What is the relationship between glucose and protein in bacterial or viral meningitis?

The clues that the doctor uses are the levels of white cells, protein and glucose in the CSF. Typically in bacterial meningitis the white cell count is much higher than in viral meningitis (and is a different type of white cell), the protein is much higher and the glucose is much lower than in viral meningitis.

How can you tell the difference between viral and bacterial meningitis?

Nausea. Vomiting. Fever. Severe headache. Stiff neck. Irritability. Discomfort looking into bright light. Confusion.

What is associated with low CSF glucose and high protein?

High CSF protein and low CSF glucose have been associated with increased risk of sensorineural hearing loss in bacterial meningitis [5, 6].

What is a CSF analysis for meningitis?

A CSF analysis is used to measure different substances in your cerebrospinal fluid. It may include tests to diagnose: Infectious diseases of the brain and spinal cord, including meningitis and encephalitis. CSF tests for infections look at white blood cells, bacteria, and other substances in the cerebrospinal fluid.

What does CSF glucose indicate?

A CSF glucose test measures the amount of sugar (glucose) in the cerebrospinal fluid (CSF). CSF is a clear fluid that flows in the space surrounding the spinal cord and brain. A lumbar puncture, or spinal tap, is a procedure to collect cerebrospinal fluid to check for the presence of disease or injury.

Why did the CSF show a low level of glucose and a high level of protein?

An abnormal protein level in the CSF suggests a problem in the central nervous system. Increased protein level may be a sign of a tumor, bleeding, nerve inflammation, or injury. A blockage in the flow of spinal fluid can cause the rapid buildup of protein in the lower spinal area.

Which CSF component will decrease in bacterial meningitis?

The CSF glucose concentration is usually reduced in bacterial meningitis. A normal CSF glucose level should be higher than two thirds of the serum glucose level; a CSF level lower than 50% of the serum level is suggestive of bacterial meningitis.

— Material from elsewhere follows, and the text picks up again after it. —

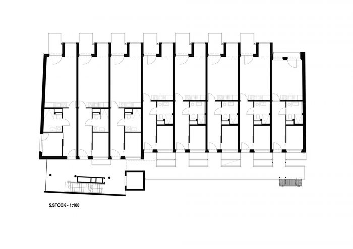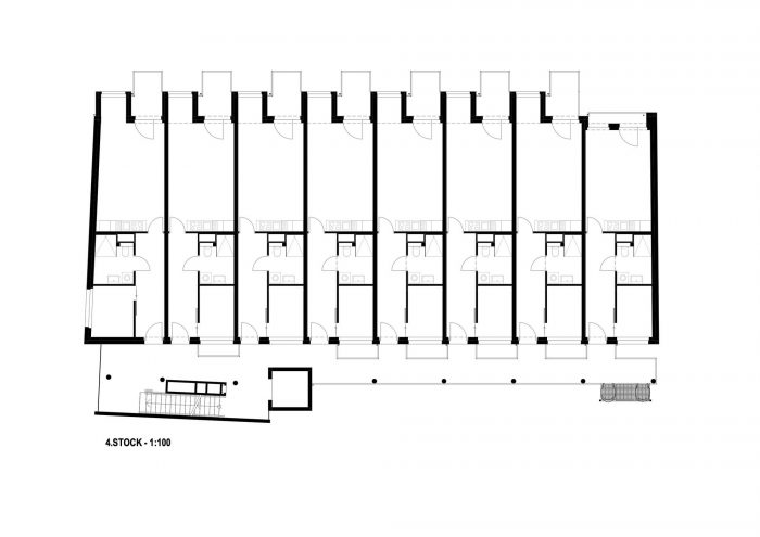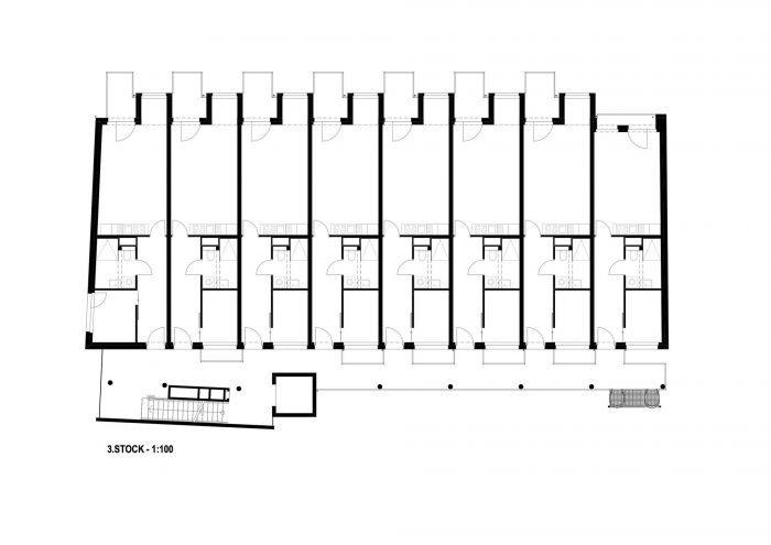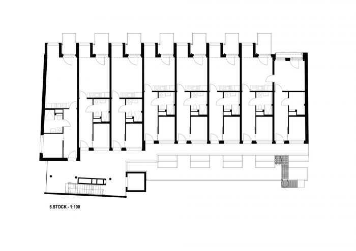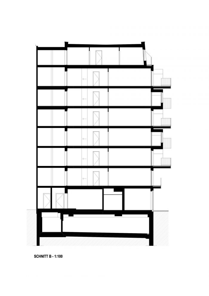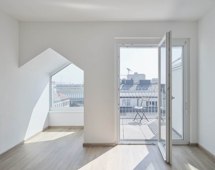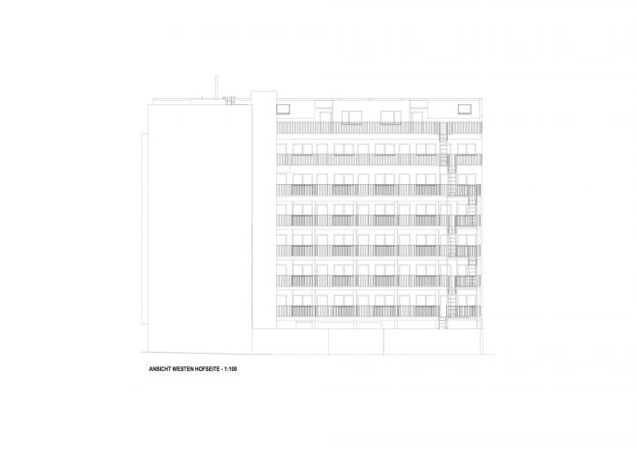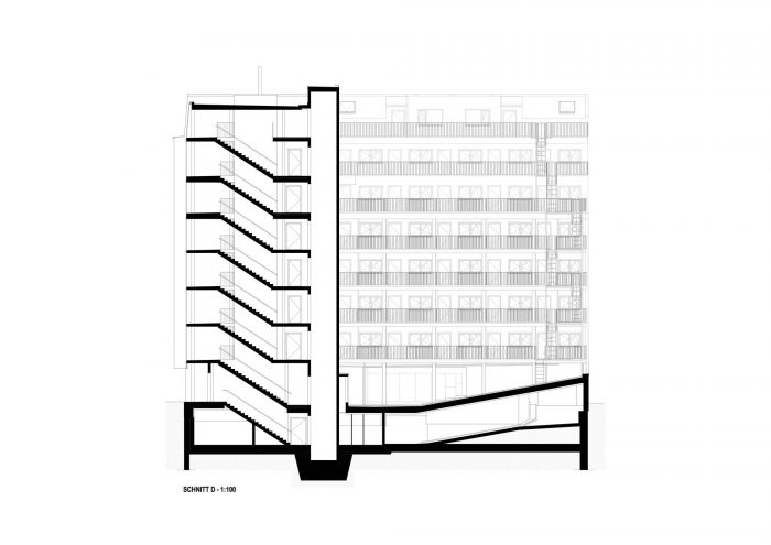 In further phases, optimal light conditions were achieved by orienting all of the apartments facing South-East. Noise pollution was reduced by the same measure since the orientation towards a more quiet side street acted as natural sound abatement.

What is the pathophysiological change in bacterial meningitis?

The pathogenesis and pathophysiology of bacterial meningitis involve a complex interplay between virulence factors of the pathogens and the host immune response [3,4]. Much of the damage from this infection is believed to result from cytokines released within the CSF as the host mounts an inflammatory response.

What is the pathophysiological mechanism behind bacterial meningitis?

Bacterial meningitis is characterized by the entry of bacteria into the cerebrospinal fluid (CSF) and bacterial growth in this compartment leading to inflammation within the CSF and the adjacent brain tissue.

What are three parameters which indicates bacterial meningitis when testing a CSF?

A number of indicators such as hypersensitive C-reactive protein (hsCRP), lactate dehydrogenase (LDH), white blood cell count (WBCs), and glucose level in CSF have been proved to be valuable in the diagnosis of bacterial meningitis.